Guidelines
Abstract Title (12 Pitch, Times New Roman
two line maximum (lower case except for first word)
Student's Name in Italic1and Co-Author's Name2
Student's Home Department (Department of Hydrology & Atmospheric Sciences)
1Student's Affiliation, City, State Abbreviation
2Co-Author's Affiliation, City, State Abbreviation
Body of Abstract - 12 Pitch, Times New Roman
Single Space
Justify Block - No Tab Indents
Word Count for body of abstract - No more than 250 words.

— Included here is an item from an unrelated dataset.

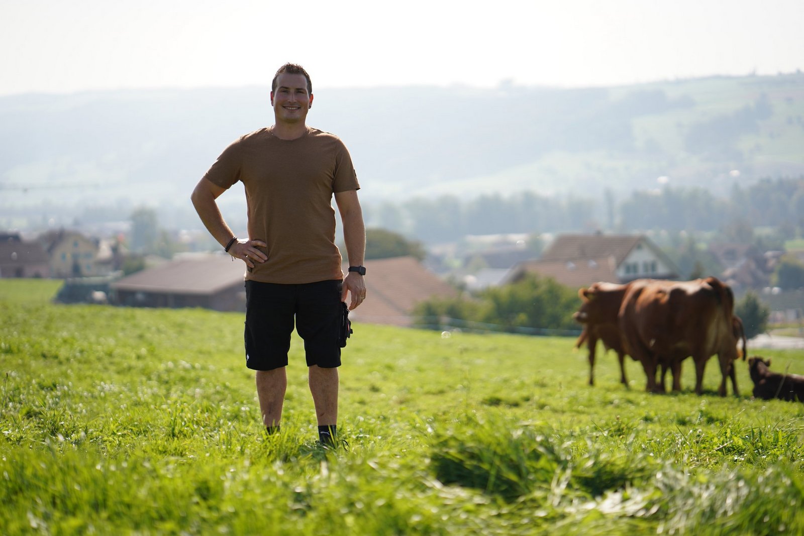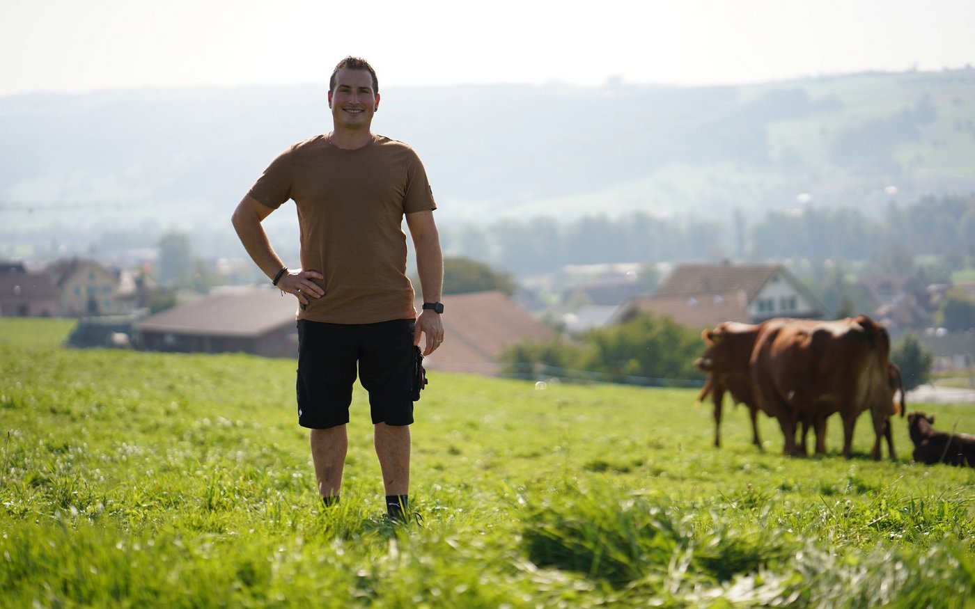 Der Laufstall neben dem Bauernhaus ist gerade leer; die Tiere geniessen die Herbstweide bei bestem Wetter und einer wunderbaren Aussicht auf den Hallwilersee. Rund sechs Hektaren Dauerwiese liegen arrondiert um Tobias Höltschis Betrieb, eine ideale Dauerweide für die 20 Mutterkühe und ihre Jungtiere. «Ich setze auf F1-Tiere, bei denen die Mutter eine Milchkuh und der Vater ein Limousin-Stier ist. So habe ich Muttertiere, die sicher genügend Milch zur Aufzucht der Jungen geben», erläutert der Luzerner.

If these guidelines are not followed, your abstract will be returned to you for corrections.
Sample
Optimal use of ground-based gravity and piezometer-response
data in constraining a ground-water flow model
Jeff T.Cordova1, T.P.A.Ferré1, and M.C.Hill2
1Department of Hydrology and Atmospheric Sciences
The University of Arizona, Tucson, AZ
2US Geological Survey, Boulder, Colorado
Geophysical methods offer potential benefits for hydrologic investigations because they incorporate noninvasive, non-destructive measurements that are hydrologically relevant. Few formal assessments of the utility of geophysical data for constraining hydrologic models, however, have been done. This study compares the utility of relative-gravity measurements to the utility of water-level measurements for constraining aquifer parameters in a model of transient ground-water flow in an unconfined aquifer. Water-level responses to pumping in a homogeneous aquifer are simulated using the computer program MODFLOW 2000. Gravitational responses at land surface are calculated from these water-level responses on the basis of the change in water storage throughout the domain. The infinite slab approximation is then used to invert these gravity responses to water-level measurements. All water-level and gravity observations and inverted water-levels are used to constrain the aquifer storage coefficient and transmissivity using the computer program UCODE. Results demonstrate that the estimated aquifer parameters are comparable when the quantity of gravity measurements is equal to the quantity of water-level measurements. Aquifer parameters computed from the inverted water-levels were not comparable to the aquifer parameters computed from observed water levels.